DATA PROVIDED |
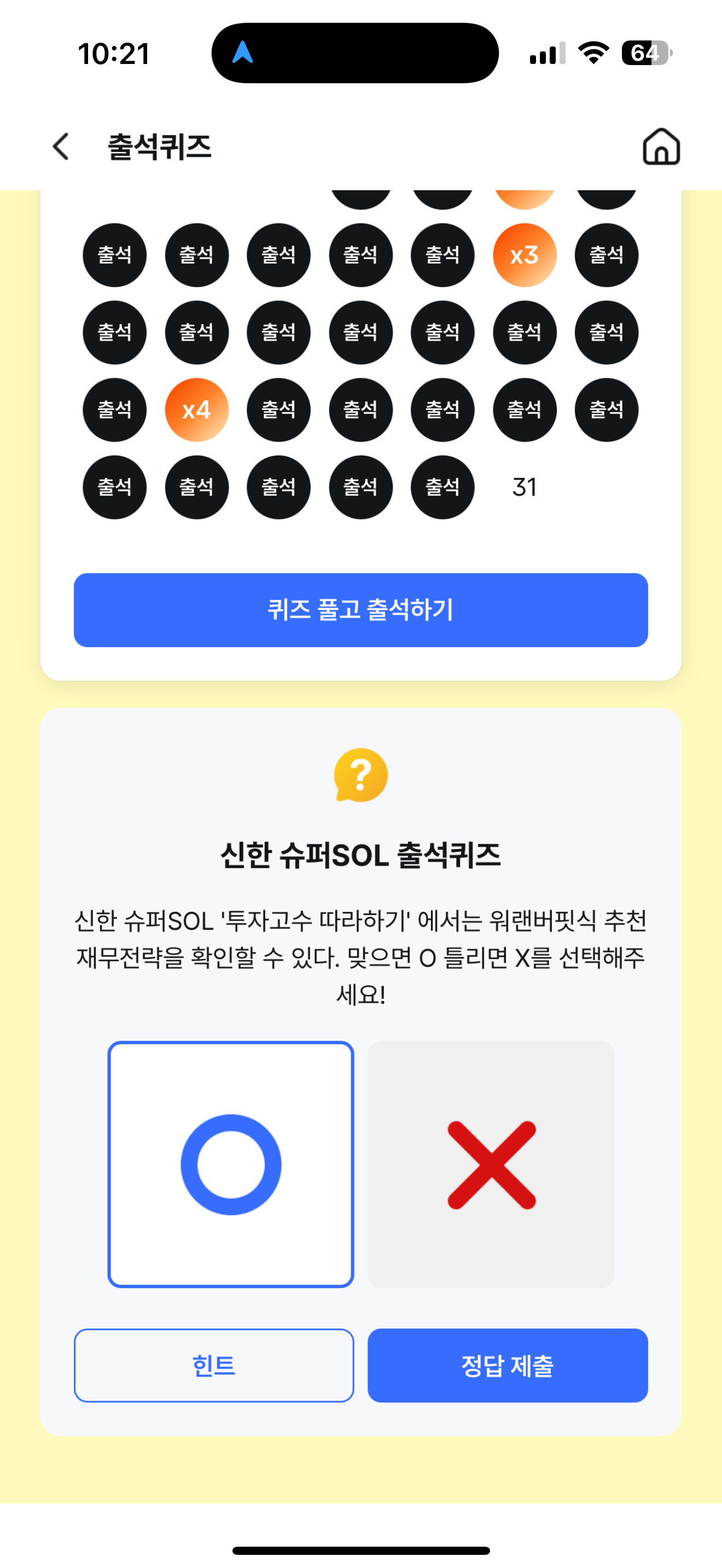 신한 슈퍼SOL 출석퀴즈 정답은 O 입니다
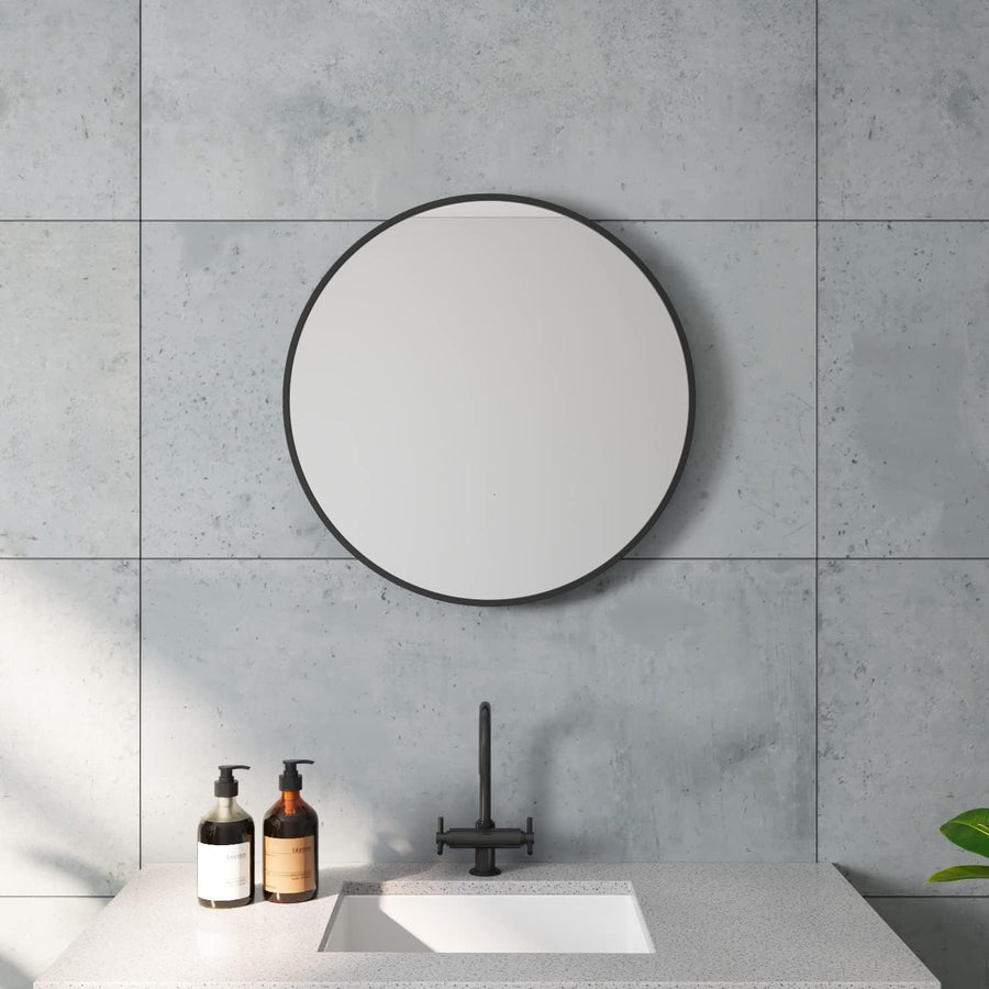 Rund Spiegel Schwarz Aluminiumrahmen Industrial Style ohne Beleuchtung 60 cm Wandspiegel Badezimmers
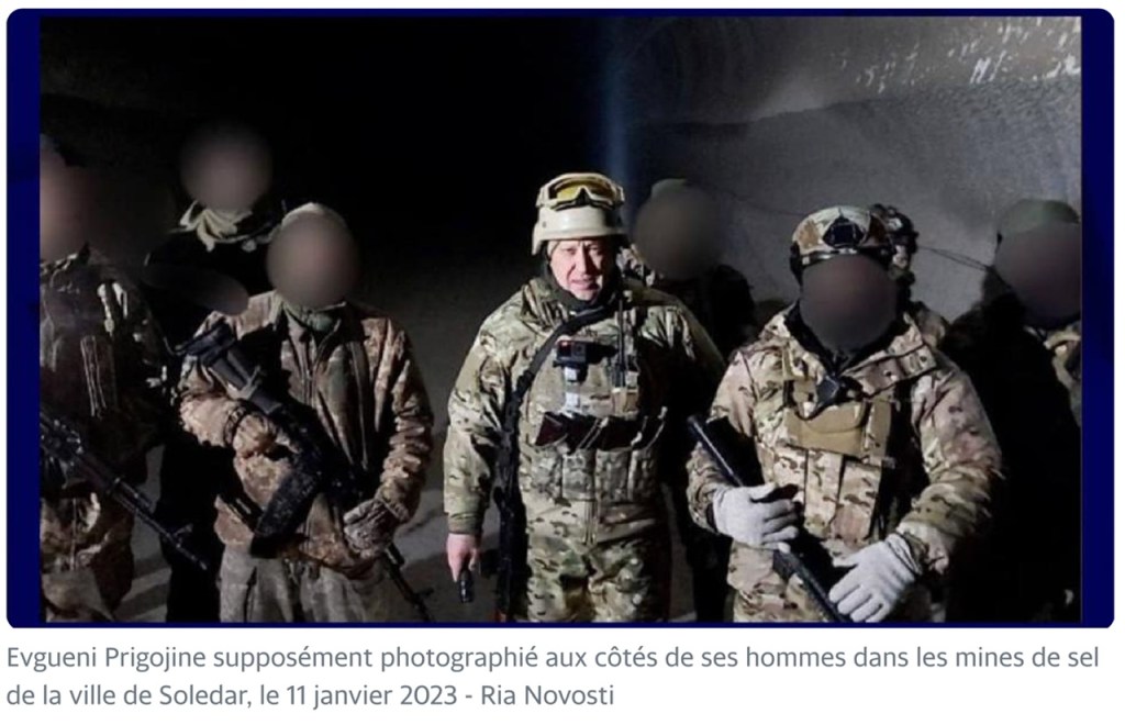 Prigojine, dirigeant de la milice Wagner, se met en scène dans les soi-disant mines de Soledar, mais il n’est sans doute pas sur le front…
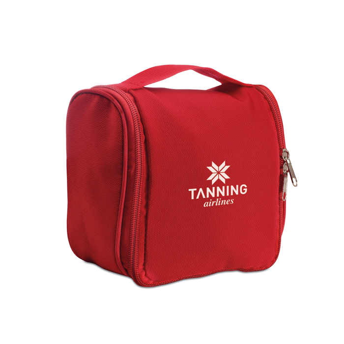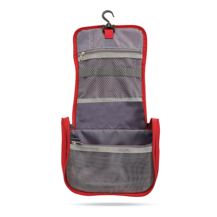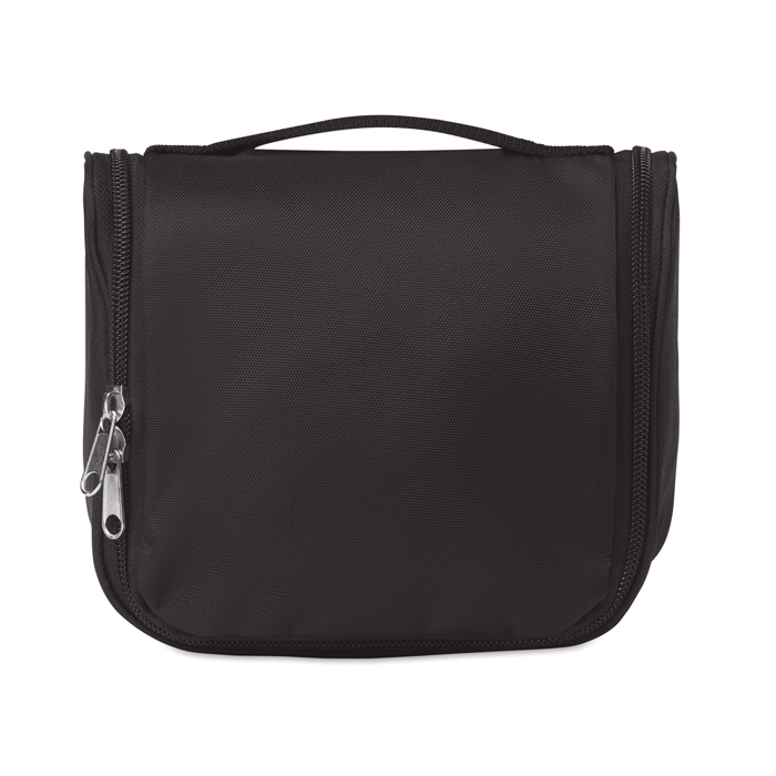 Trousse de voyage en polyester haute densité. Plusieurs compartiments et une poche en maille complètent l'équipement du sac.
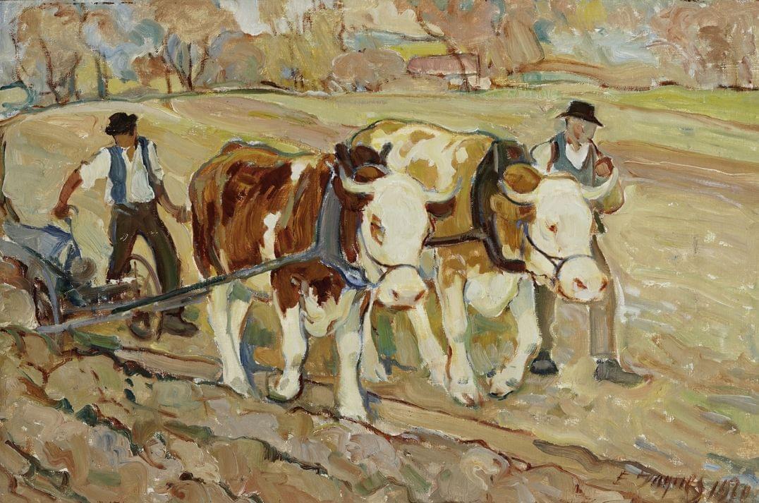 Le travail aux champs, huile sur toile signée E. Jacques et datée 1920, 37,5x56 cm
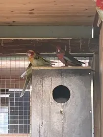 Daruji Roselu pestrou - Daruji páreček Rosel pestrých do dobrých rukou, věk okolo 10let, chovaní ve voliéře, ochočení moc nejsou, ale po navyknutí se nechají trochu dotýkat na bříšku. Odchovali již 2...
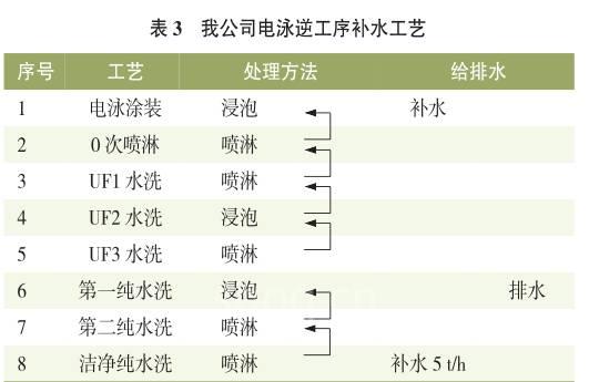 应用电泳超滤技术,设计多道水洗,采用逆工序补水(见表3)。
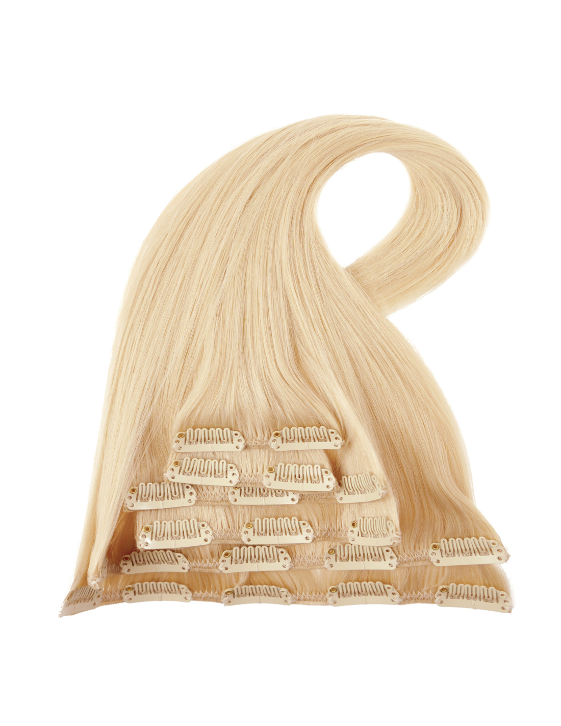 For a natural effect, the amount of clip-in hair should be similar to the amount of your natural hair. With a length of 50 cm, you will usually only need around 100 grams of hair, which is equivalent to one set of Clip In. See our tips for buying hair extensions.
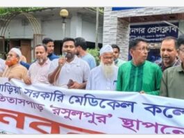 ব্রাহ্মণবাড়িয়ার নবীনগরে মেডিকেল কলেজ স্থাপনের দাবিতে মানববন্ধন
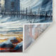 This dynamic expressionist tapestry captures the raw energy of a stormy seascape, with a lighthouse standing resilient amidst the turmoil. The scene is alive with swirling clouds and waves, depicted in bold, impasto brushstrokes that convey the movement of the wind and water. A spectrum of vibrant colours explodes from the lighthouse beacon, symbolizing hope and guidance through life's tumultuous journeys. A small, weathered seaside cottage huddles near the lighthouse, adding a touch of serenity to the chaotic beauty of the scene. Birds caught in the tempest swoop across the canvas, adding to the sense of motion. This piece is a testament to the enduring spirit of maritime life and would make a striking statement in any space that values the power and beauty of the sea.
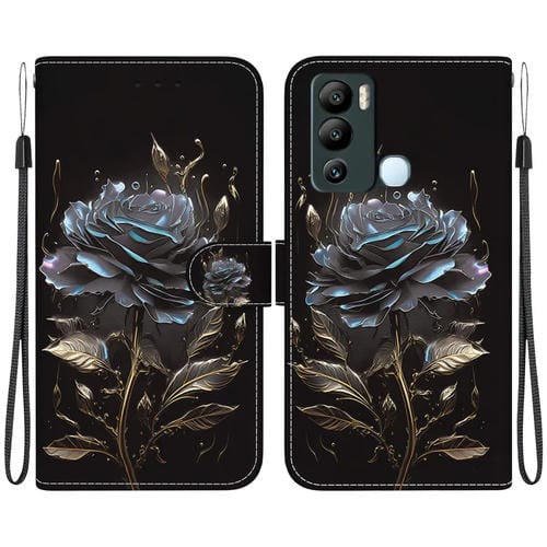 Funda de Cuero para Infinix Hot 12I con Dibujo Coloreado y Textura de Cristal (Rosa Negra)
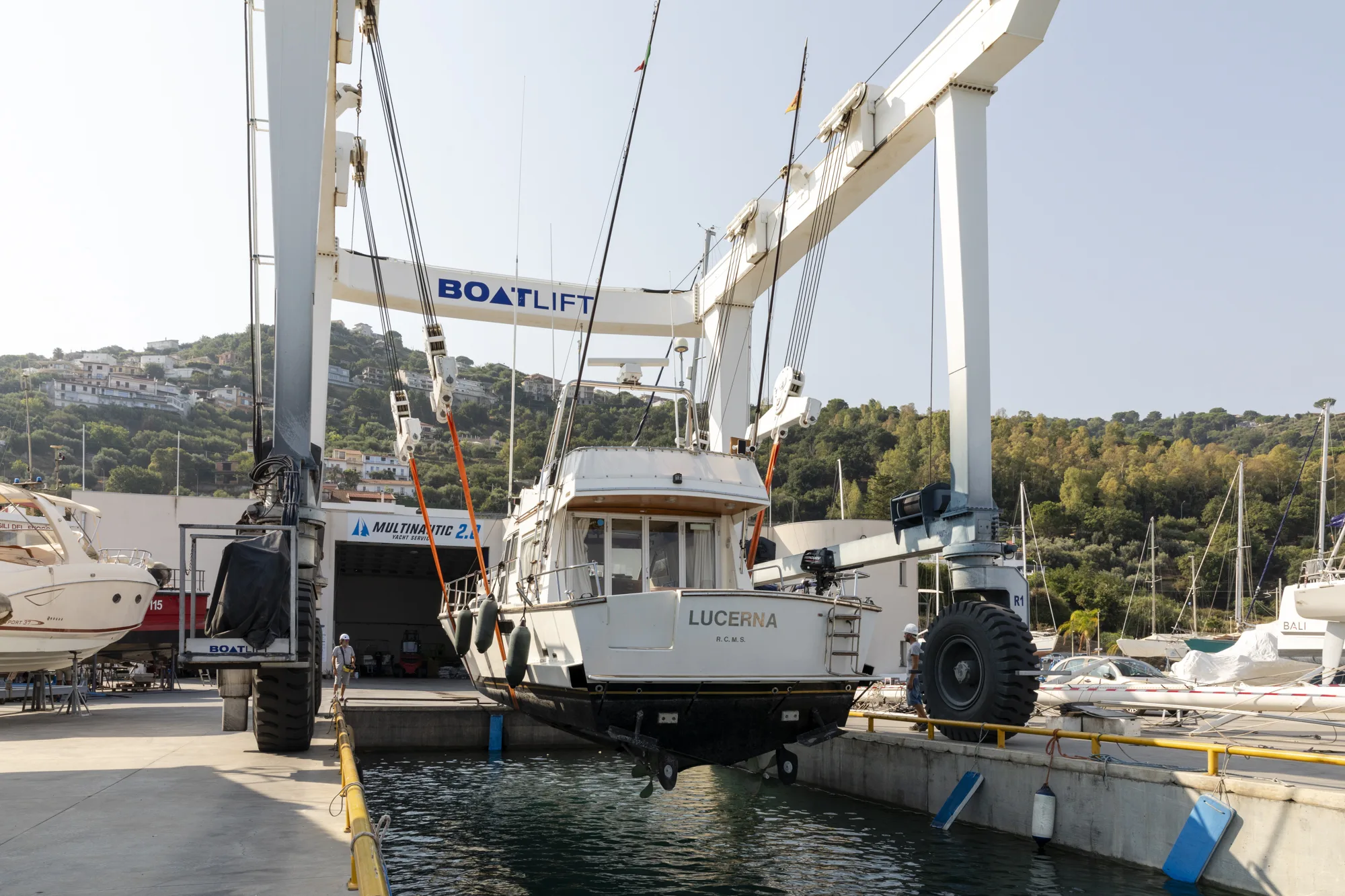 Il cantiere dispone di un travel lift da 110 tonnellate, gru di supporto e sistema di lavaggio a pressione per carene.
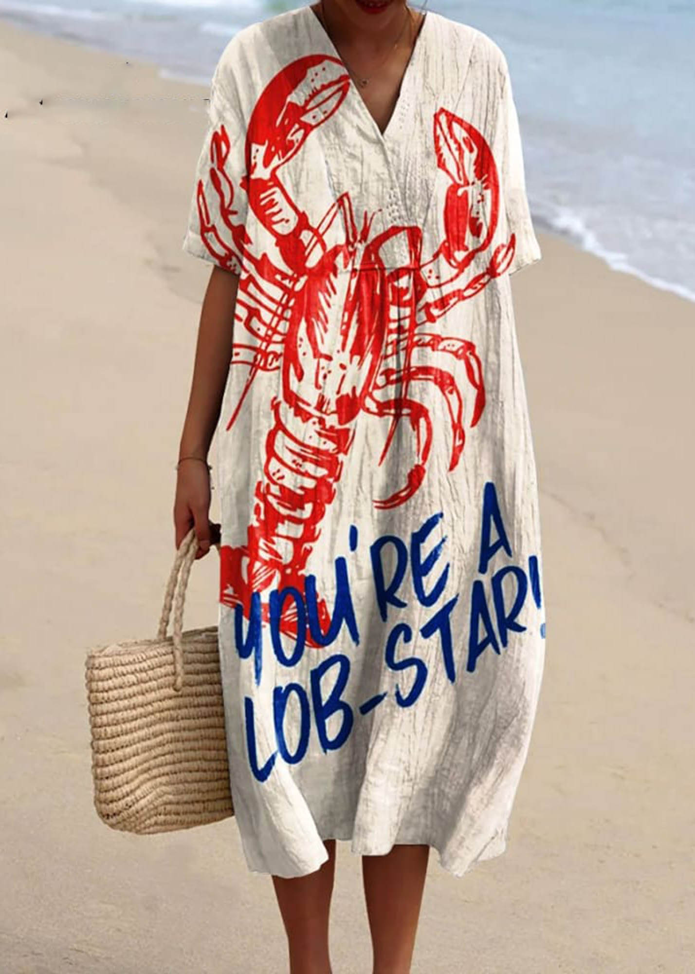 Women's Vintage Fish Lobster Art Print Flowy Dress

TASK GOAL |
Please repeat each record exactly and keep every picture out of the copy.

EXERCISE SOLUTION |
 신한 슈퍼SOL 출석퀴즈 정답은 O 입니다
 Rund Spiegel Schwarz Aluminiumrahmen Industrial Style ohne Beleuchtung 60 cm Wandspiegel Badezimmers
 Prigojine, dirigeant de la milice Wagner, se met en scène dans les soi-disant mines de Soledar, mais il n’est sans doute pas sur le front…
 Trousse de voyage en polyester haute densité. Plusieurs compartiments et une poche en maille complètent l'équipement du sac.
 Le travail aux champs, huile sur toile signée E. Jacques et datée 1920, 37,5x56 cm
 Daruji Roselu pestrou - Daruji páreček Rosel pestrých do dobrých rukou, věk okolo 10let, chovaní ve voliéře, ochočení moc nejsou, ale po navyknutí se nechají trochu dotýkat na bříšku. Odchovali již 2...
 应用电泳超滤技术,设计多道水洗,采用逆工序补水(见表3)。
 For a natural effect, the amount of clip-in hair should be similar to the amount of your natural hair. With a length of 50 cm, you will usually only need around 100 grams of hair, which is equivalent to one set of Clip In. See our tips for buying hair extensions.
 ব্রাহ্মণবাড়িয়ার নবীনগরে মেডিকেল কলেজ স্থাপনের দাবিতে মানববন্ধন
 This dynamic expressionist tapestry captures the raw energy of a stormy seascape, with a lighthouse standing resilient amidst the turmoil. The scene is alive with swirling clouds and waves, depicted in bold, impasto brushstrokes that convey the movement of the wind and water. A spectrum of vibrant colours explodes from the lighthouse beacon, symbolizing hope and guidance through life's tumultuous journeys. A small, weathered seaside cottage huddles near the lighthouse, adding a touch of serenity to the chaotic beauty of the scene. Birds caught in the tempest swoop across the canvas, adding to the sense of motion. This piece is a testament to the enduring spirit of maritime life and would make a striking statement in any space that values the power and beauty of the sea.
 Funda de Cuero para Infinix Hot 12I con Dibujo Coloreado y Textura de Cristal (Rosa Negra)
 Il cantiere dispone di un travel lift da 110 tonnellate, gru di supporto e sistema di lavaggio a pressione per carene.
 Women's Vintage Fish Lobster Art Print Flowy Dress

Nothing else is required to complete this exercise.